Requirement
Your job is to retype the records exactly while dropping every picture.

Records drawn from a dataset
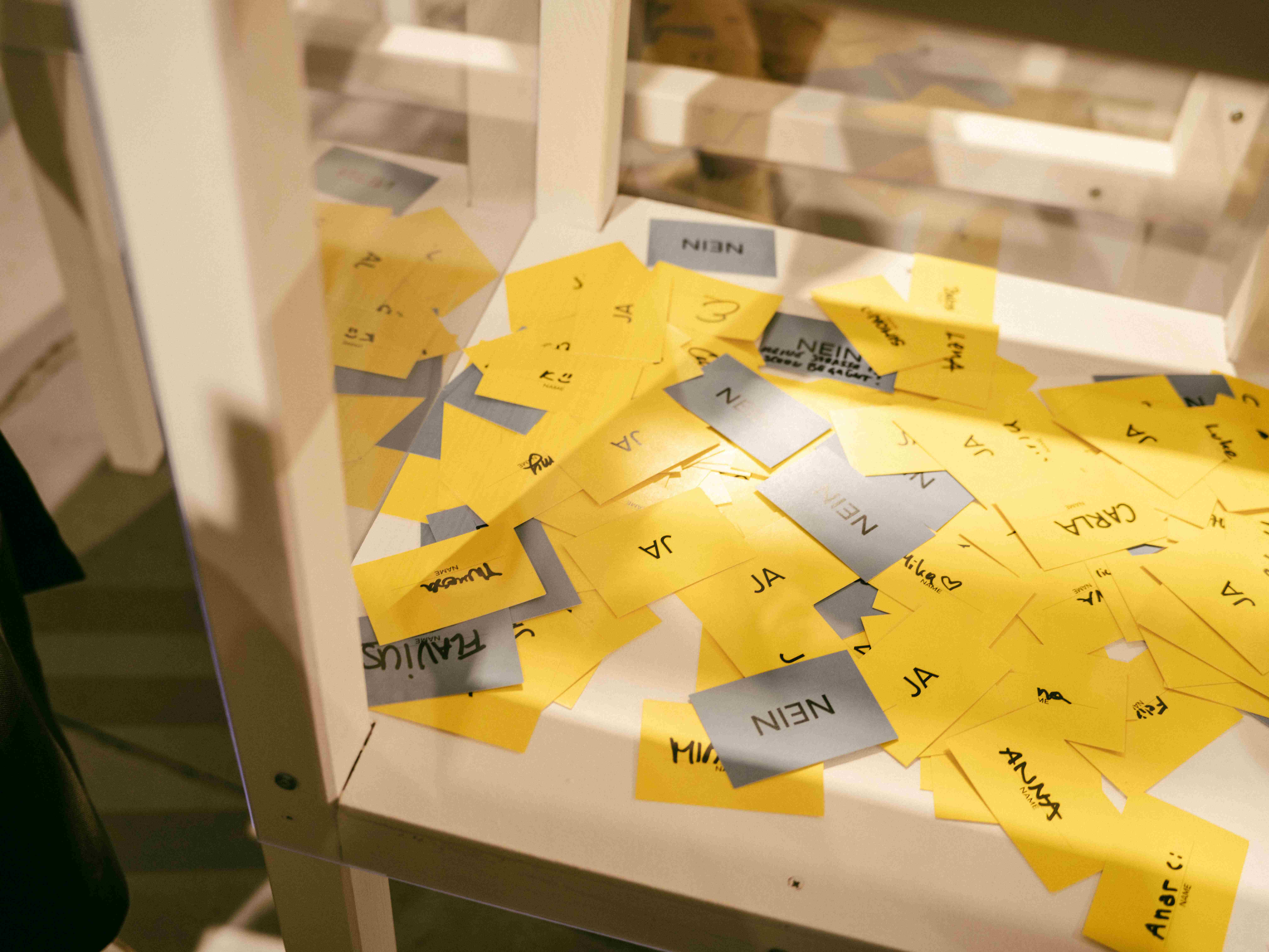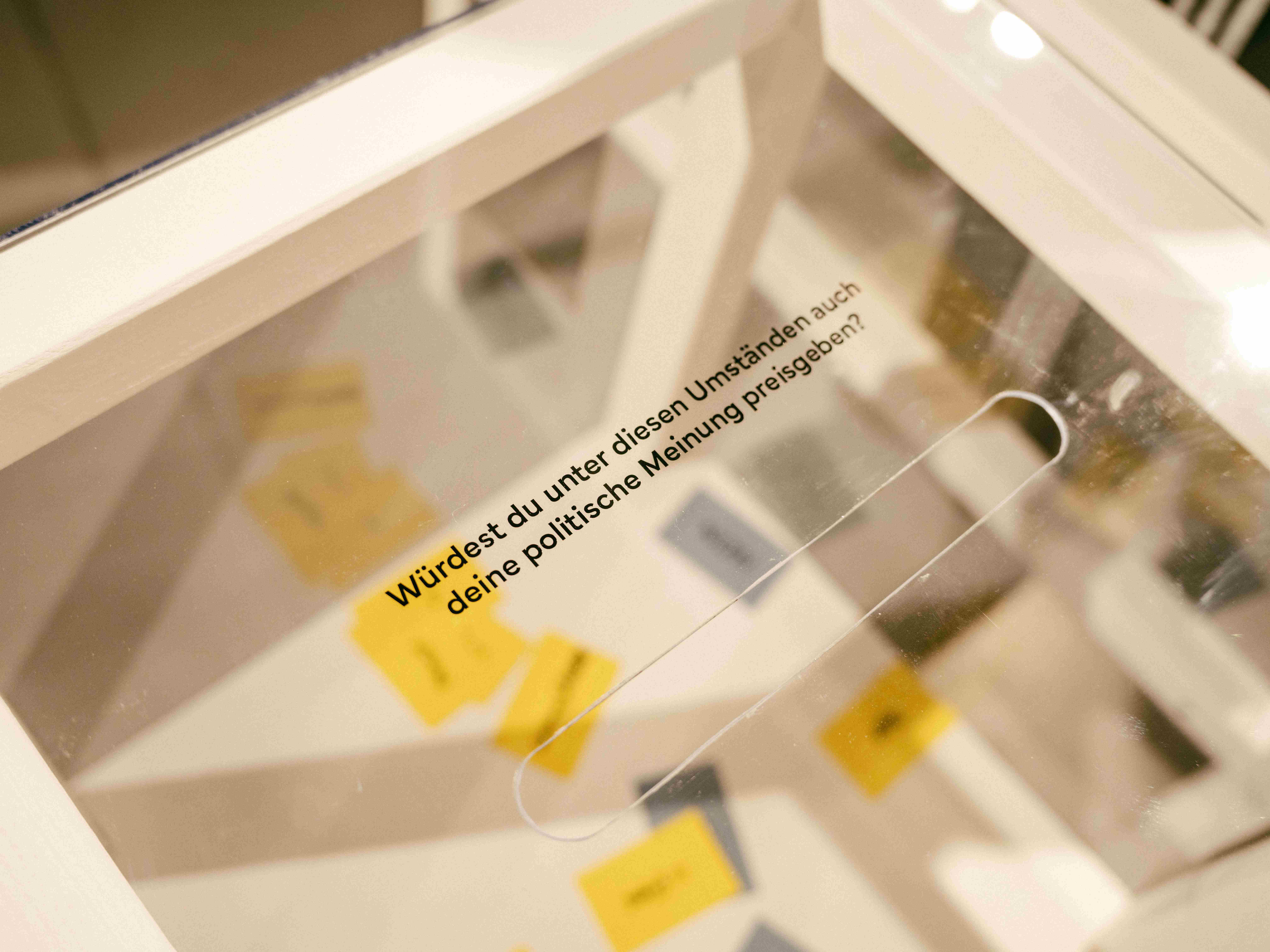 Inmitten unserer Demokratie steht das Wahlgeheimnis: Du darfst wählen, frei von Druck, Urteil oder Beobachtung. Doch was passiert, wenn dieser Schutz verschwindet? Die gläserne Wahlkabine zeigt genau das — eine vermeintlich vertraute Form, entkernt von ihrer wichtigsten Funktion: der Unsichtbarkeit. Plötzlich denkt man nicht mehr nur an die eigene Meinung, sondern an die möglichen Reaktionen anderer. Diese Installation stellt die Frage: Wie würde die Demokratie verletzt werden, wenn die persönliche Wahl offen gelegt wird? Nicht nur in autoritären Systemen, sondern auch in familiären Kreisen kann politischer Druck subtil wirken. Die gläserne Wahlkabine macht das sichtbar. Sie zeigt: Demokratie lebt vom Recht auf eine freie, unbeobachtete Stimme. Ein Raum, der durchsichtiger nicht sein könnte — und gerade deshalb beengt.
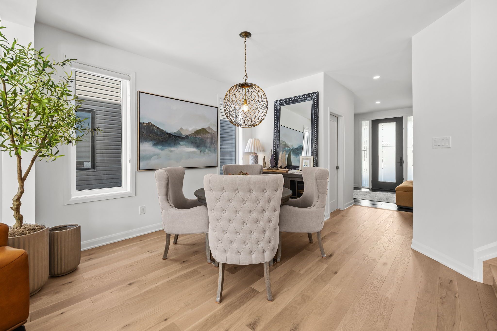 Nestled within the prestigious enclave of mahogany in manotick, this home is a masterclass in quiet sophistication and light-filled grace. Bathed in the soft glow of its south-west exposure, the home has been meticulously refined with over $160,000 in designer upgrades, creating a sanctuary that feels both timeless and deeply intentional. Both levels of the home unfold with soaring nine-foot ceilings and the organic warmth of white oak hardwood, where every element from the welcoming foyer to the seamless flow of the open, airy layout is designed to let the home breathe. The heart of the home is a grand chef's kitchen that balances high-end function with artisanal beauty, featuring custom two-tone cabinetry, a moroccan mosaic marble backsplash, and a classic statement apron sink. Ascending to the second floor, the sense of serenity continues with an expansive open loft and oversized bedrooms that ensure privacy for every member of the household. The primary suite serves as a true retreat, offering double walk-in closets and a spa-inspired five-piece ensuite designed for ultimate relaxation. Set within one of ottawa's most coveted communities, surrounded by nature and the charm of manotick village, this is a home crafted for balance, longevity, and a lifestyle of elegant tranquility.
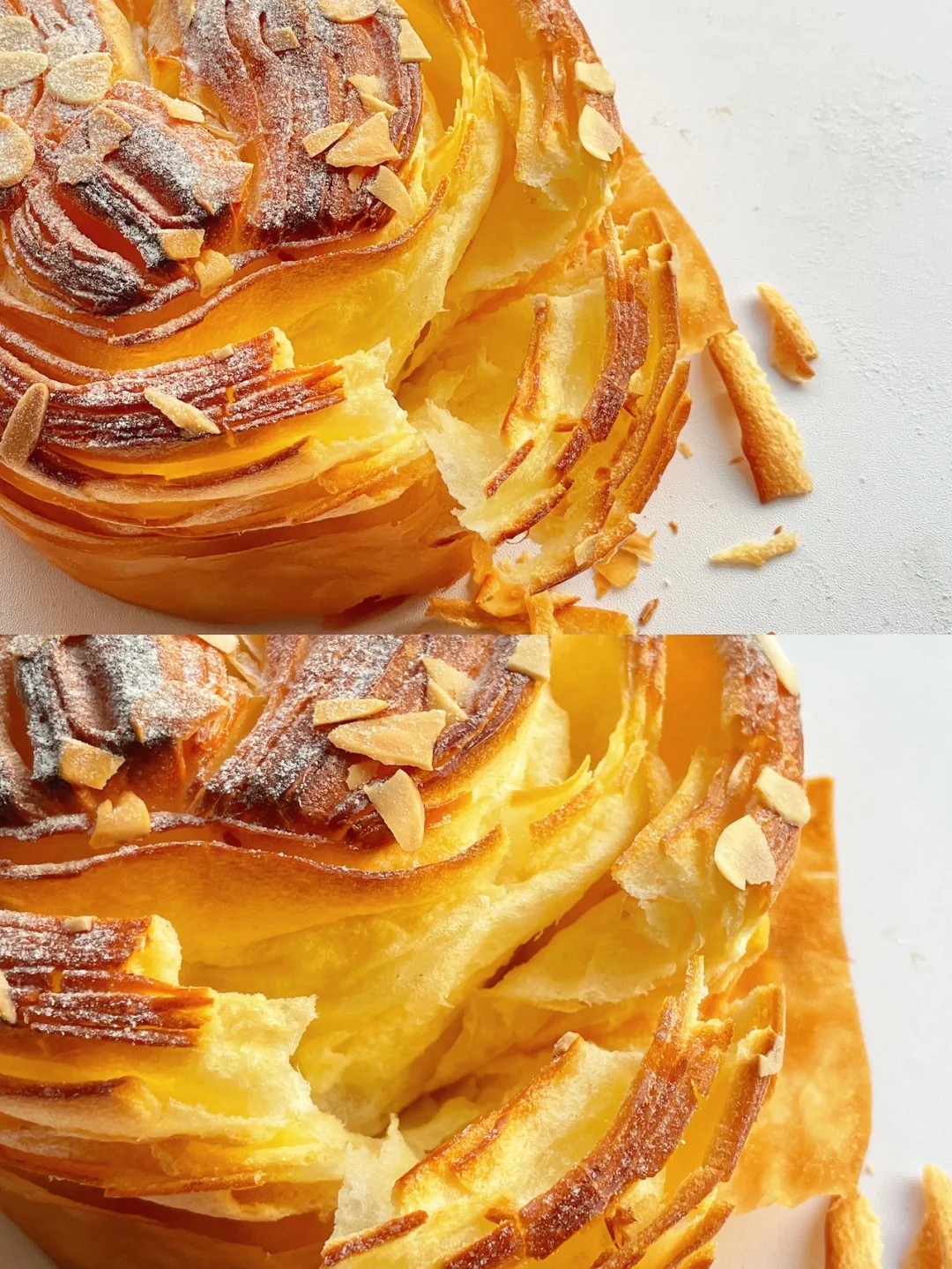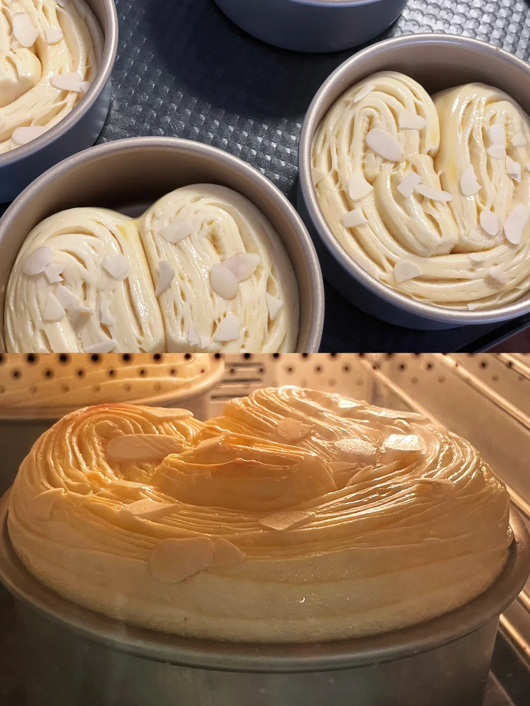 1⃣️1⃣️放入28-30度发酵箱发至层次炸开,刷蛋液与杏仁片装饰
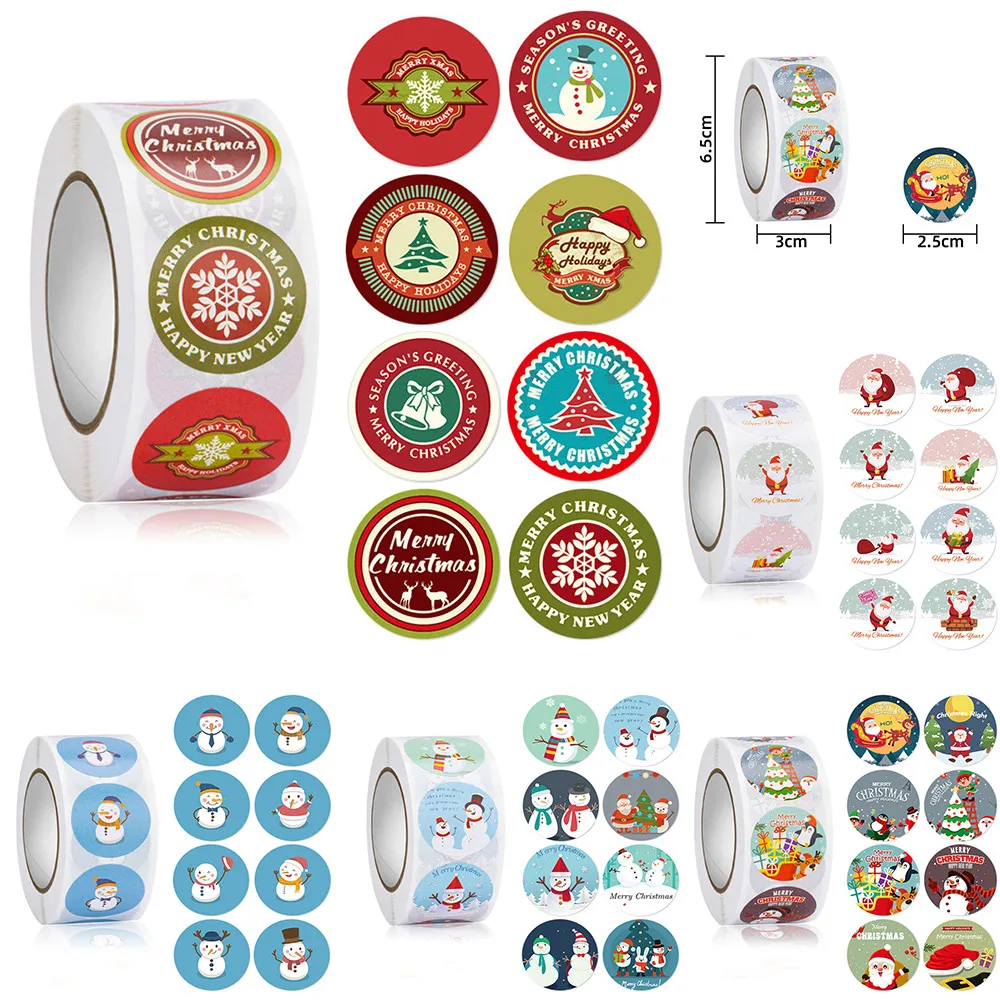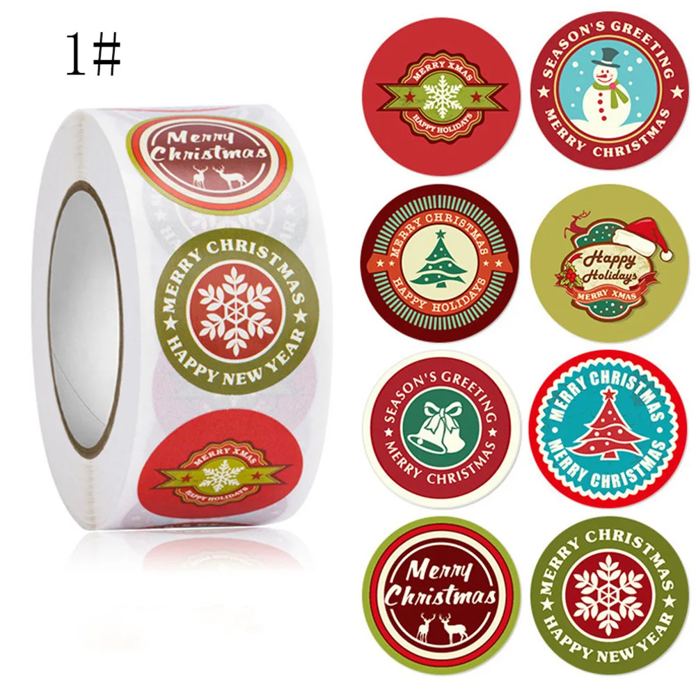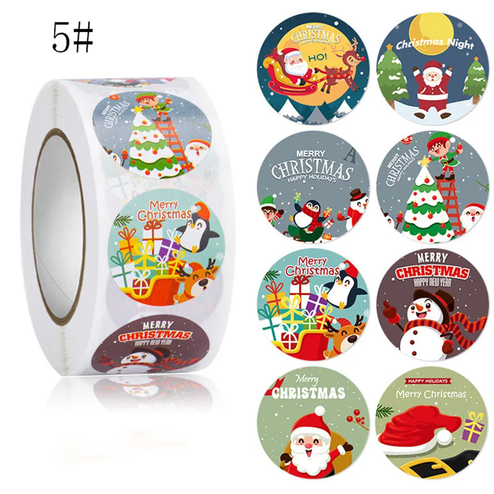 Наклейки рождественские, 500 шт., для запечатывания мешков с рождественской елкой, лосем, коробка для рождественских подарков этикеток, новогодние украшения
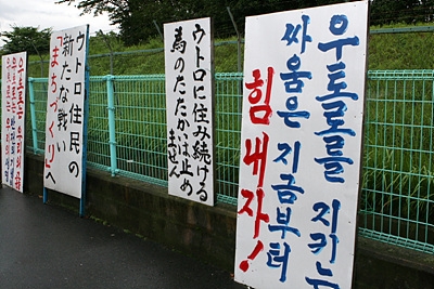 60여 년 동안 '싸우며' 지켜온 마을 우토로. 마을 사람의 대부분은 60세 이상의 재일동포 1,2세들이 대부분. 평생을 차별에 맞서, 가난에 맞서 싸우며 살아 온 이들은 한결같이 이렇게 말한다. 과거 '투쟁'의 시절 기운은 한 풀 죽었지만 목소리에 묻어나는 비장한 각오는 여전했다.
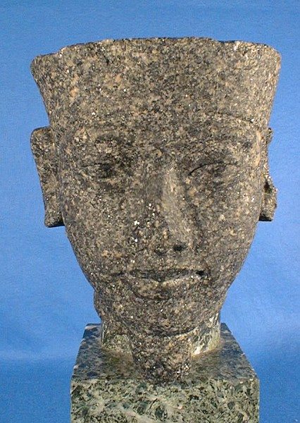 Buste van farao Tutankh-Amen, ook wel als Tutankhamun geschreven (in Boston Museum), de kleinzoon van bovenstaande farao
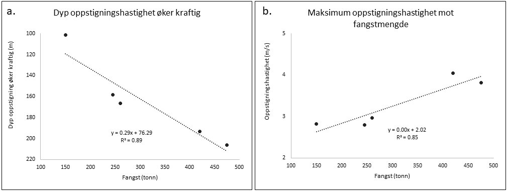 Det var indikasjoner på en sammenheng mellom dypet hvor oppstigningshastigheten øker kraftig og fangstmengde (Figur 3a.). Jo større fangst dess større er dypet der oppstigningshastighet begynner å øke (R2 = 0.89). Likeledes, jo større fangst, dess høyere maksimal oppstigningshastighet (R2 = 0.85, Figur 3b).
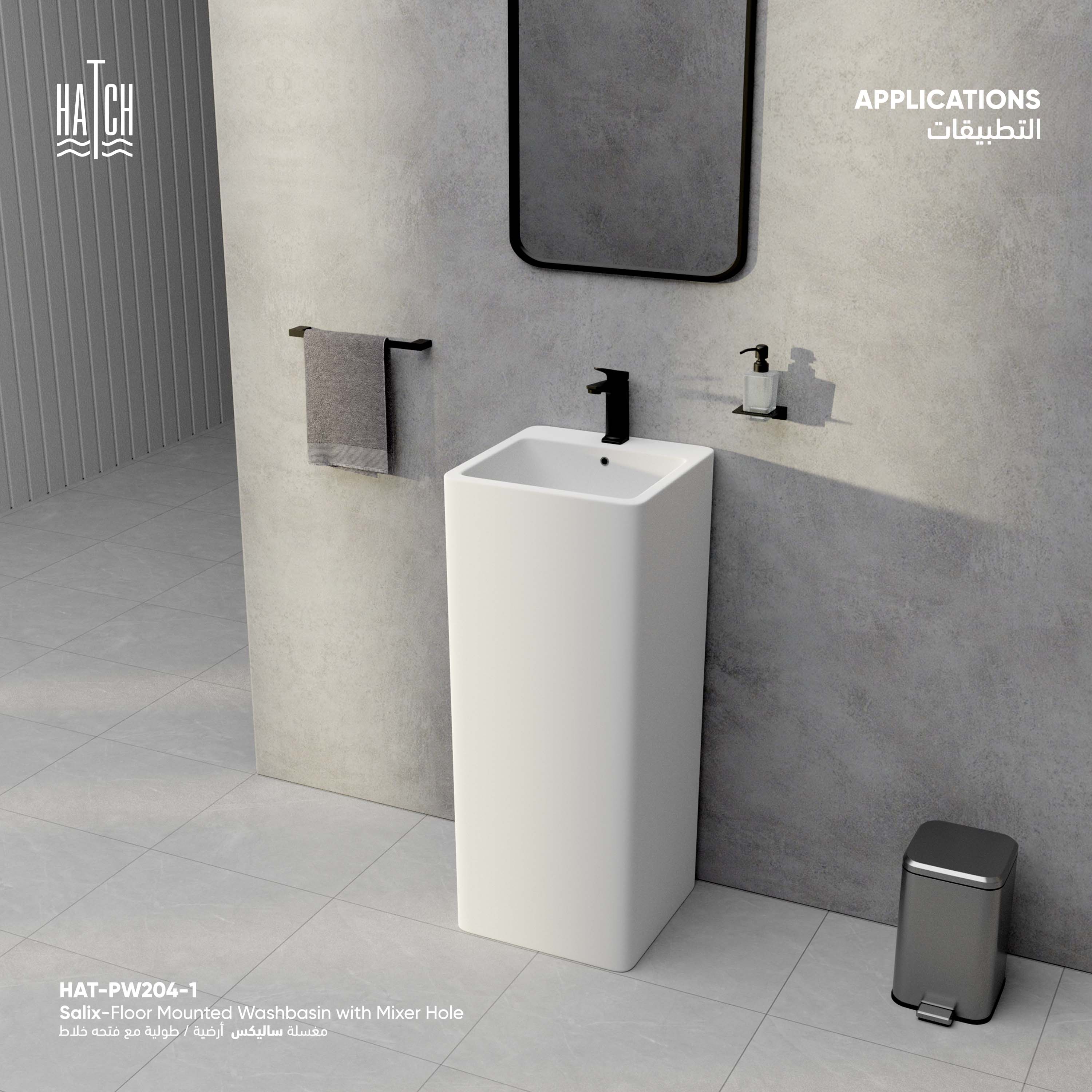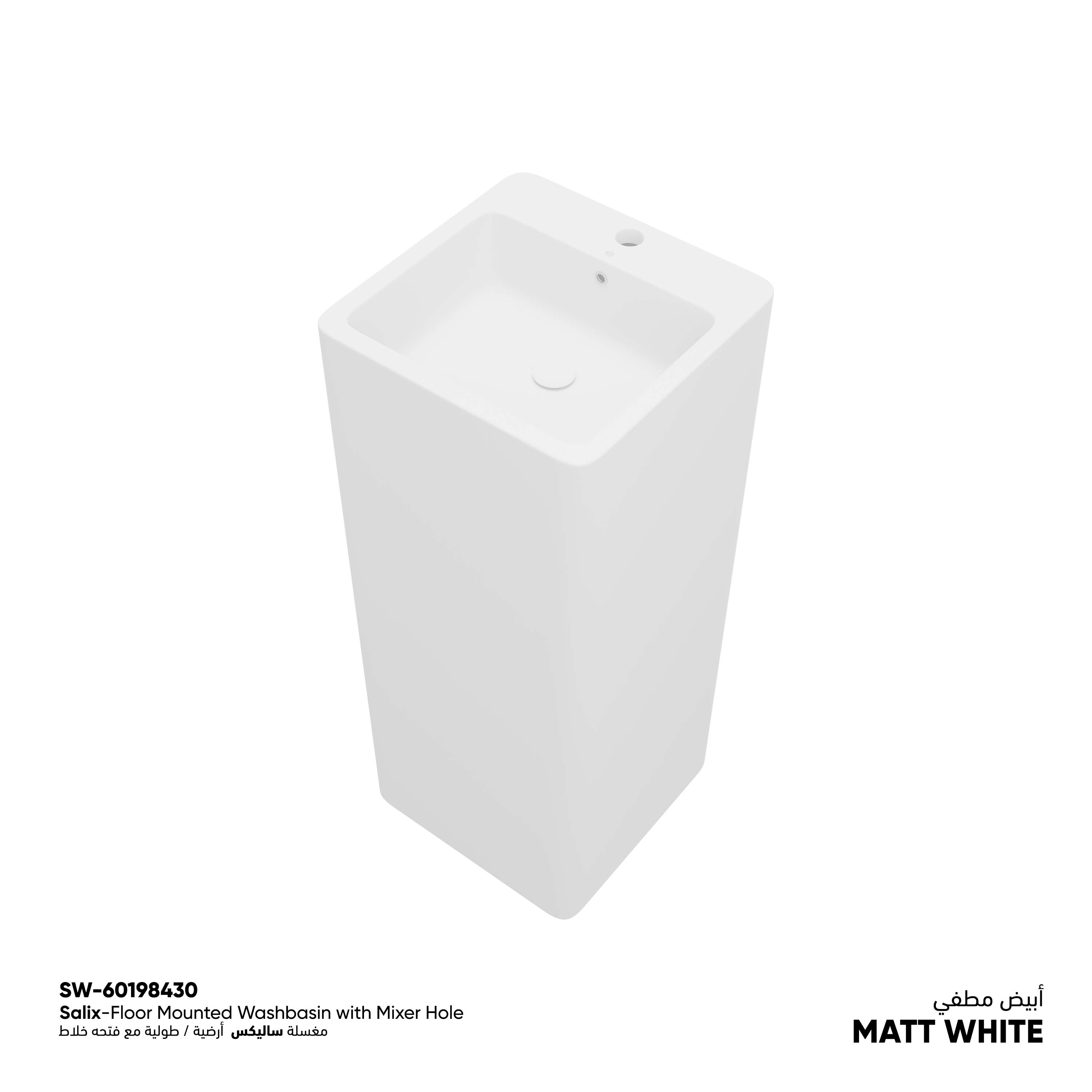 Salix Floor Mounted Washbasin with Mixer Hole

Solution for this exercise
 Inmitten unserer Demokratie steht das Wahlgeheimnis: Du darfst wählen, frei von Druck, Urteil oder Beobachtung. Doch was passiert, wenn dieser Schutz verschwindet? Die gläserne Wahlkabine zeigt genau das — eine vermeintlich vertraute Form, entkernt von ihrer wichtigsten Funktion: der Unsichtbarkeit. Plötzlich denkt man nicht mehr nur an die eigene Meinung, sondern an die möglichen Reaktionen anderer. Diese Installation stellt die Frage: Wie würde die Demokratie verletzt werden, wenn die persönliche Wahl offen gelegt wird? Nicht nur in autoritären Systemen, sondern auch in familiären Kreisen kann politischer Druck subtil wirken. Die gläserne Wahlkabine macht das sichtbar. Sie zeigt: Demokratie lebt vom Recht auf eine freie, unbeobachtete Stimme. Ein Raum, der durchsichtiger nicht sein könnte — und gerade deshalb beengt.
 Nestled within the prestigious enclave of mahogany in manotick, this home is a masterclass in quiet sophistication and light-filled grace. Bathed in the soft glow of its south-west exposure, the home has been meticulously refined with over $160,000 in designer upgrades, creating a sanctuary that feels both timeless and deeply intentional. Both levels of the home unfold with soaring nine-foot ceilings and the organic warmth of white oak hardwood, where every element from the welcoming foyer to the seamless flow of the open, airy layout is designed to let the home breathe. The heart of the home is a grand chef's kitchen that balances high-end function with artisanal beauty, featuring custom two-tone cabinetry, a moroccan mosaic marble backsplash, and a classic statement apron sink. Ascending to the second floor, the sense of serenity continues with an expansive open loft and oversized bedrooms that ensure privacy for every member of the household. The primary suite serves as a true retreat, offering double walk-in closets and a spa-inspired five-piece ensuite designed for ultimate relaxation. Set within one of ottawa's most coveted communities, surrounded by nature and the charm of manotick village, this is a home crafted for balance, longevity, and a lifestyle of elegant tranquility.
 1⃣️1⃣️放入28-30度发酵箱发至层次炸开,刷蛋液与杏仁片装饰
 Наклейки рождественские, 500 шт., для запечатывания мешков с рождественской елкой, лосем, коробка для рождественских подарков этикеток, новогодние украшения
 60여 년 동안 '싸우며' 지켜온 마을 우토로. 마을 사람의 대부분은 60세 이상의 재일동포 1,2세들이 대부분. 평생을 차별에 맞서, 가난에 맞서 싸우며 살아 온 이들은 한결같이 이렇게 말한다. 과거 '투쟁'의 시절 기운은 한 풀 죽었지만 목소리에 묻어나는 비장한 각오는 여전했다.
 Buste van farao Tutankh-Amen, ook wel als Tutankhamun geschreven (in Boston Museum), de kleinzoon van bovenstaande farao
 Det var indikasjoner på en sammenheng mellom dypet hvor oppstigningshastigheten øker kraftig og fangstmengde (Figur 3a.). Jo større fangst dess større er dypet der oppstigningshastighet begynner å øke (R2 = 0.89). Likeledes, jo større fangst, dess høyere maksimal oppstigningshastighet (R2 = 0.85, Figur 3b).
 Salix Floor Mounted Washbasin with Mixer Hole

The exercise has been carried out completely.